Assignment
The response should contain only the line with "今日早盘中国联通再次一字涨停" and every line after it to the end of the listing below, duplicated exactly; no picture belongs in it.

Information shown
==*==

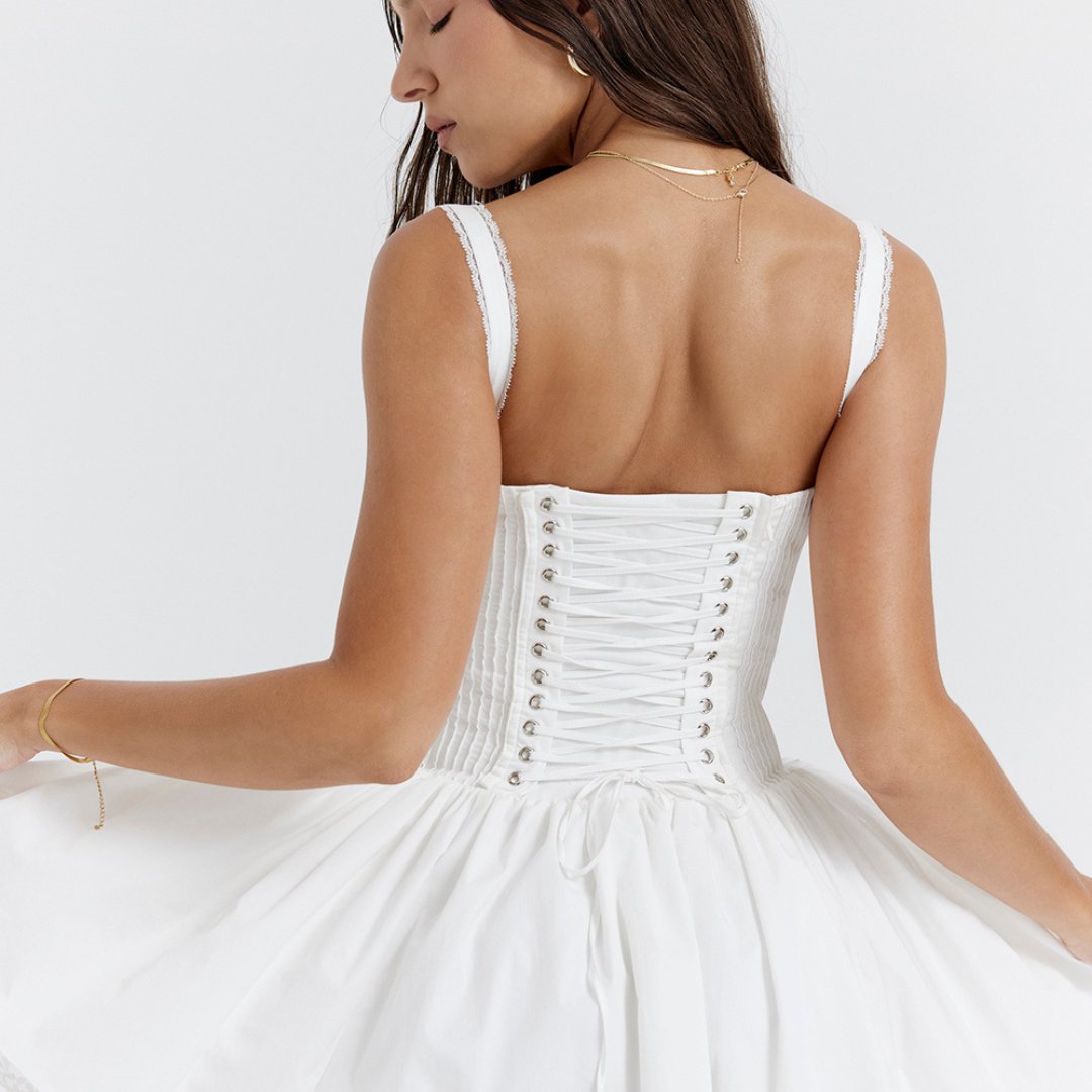 Set off on your own cottagecore adventure in this WHITE RIDING HOOD! Featuring a mini white bustier dress with corset waist and floaty hem, it'll be sure to keep you looking super sassy in any situation. Go forth - you got this! (And don't forget to watch out for those Big Bad Wolves!)
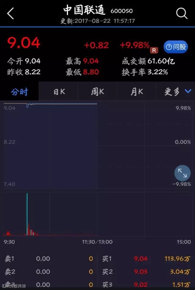 今日早盘中国联通再次一字涨停开盘。不过到10点钟,逾620万手封单突然撤单,巨大抛盘蜂拥而出,涨停板被打开,成交量迅速放大。不过随后又被封死。值得注意的是,今日上午中国联通成交额高达61.60亿元,尽管只有半日,也已创2016年12月1日以来新高。
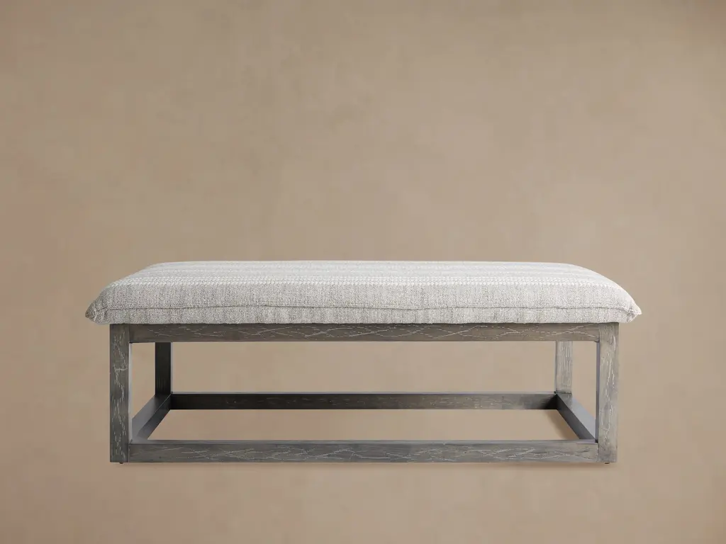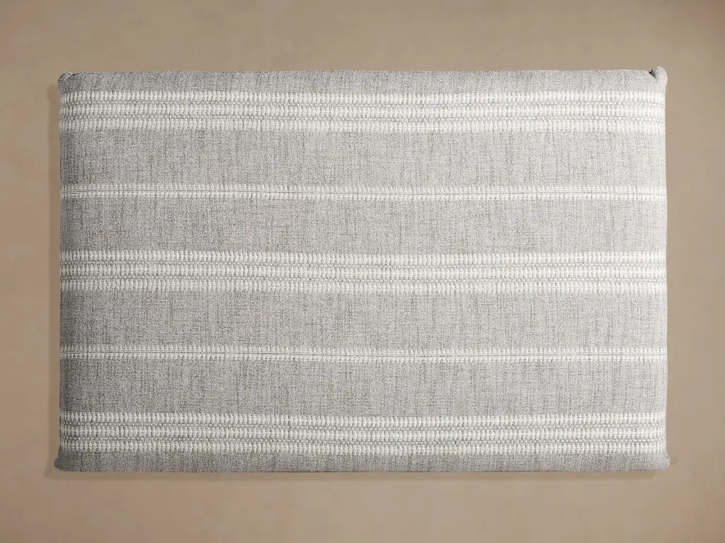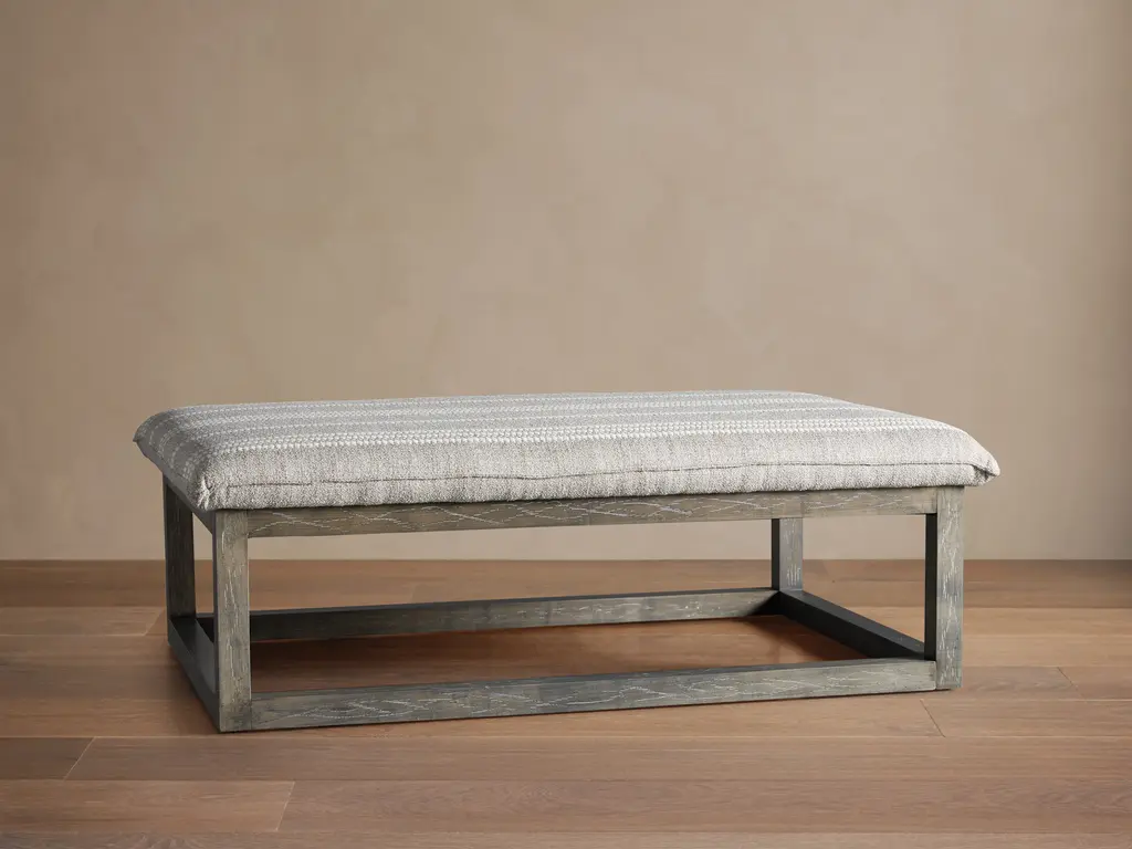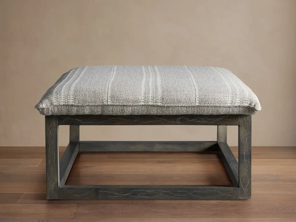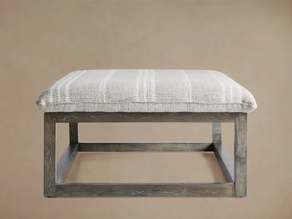 Built with craftsmanship, our Ranch ottoman provides a functional surface as well as a supportive place to rest your feet. Upholstery artisans construct each frame from solid, reinforced hardwood for lasting strength and stability. Expertly upholstered cushions are fitted with cozy, rug-inspired fabric that showcases versatile grey and cream tones. And, eco-friendly foam padding made from sustainable, plant-based materials provides a relaxing, plush surface.

==*==

Reply
 今日早盘中国联通再次一字涨停开盘。不过到10点钟,逾620万手封单突然撤单,巨大抛盘蜂拥而出,涨停板被打开,成交量迅速放大。不过随后又被封死。值得注意的是,今日上午中国联通成交额高达61.60亿元,尽管只有半日,也已创2016年12月1日以来新高。
 Built with craftsmanship, our Ranch ottoman provides a functional surface as well as a supportive place to rest your feet. Upholstery artisans construct each frame from solid, reinforced hardwood for lasting strength and stability. Expertly upholstered cushions are fitted with cozy, rug-inspired fabric that showcases versatile grey and cream tones. And, eco-friendly foam padding made from sustainable, plant-based materials provides a relaxing, plush surface.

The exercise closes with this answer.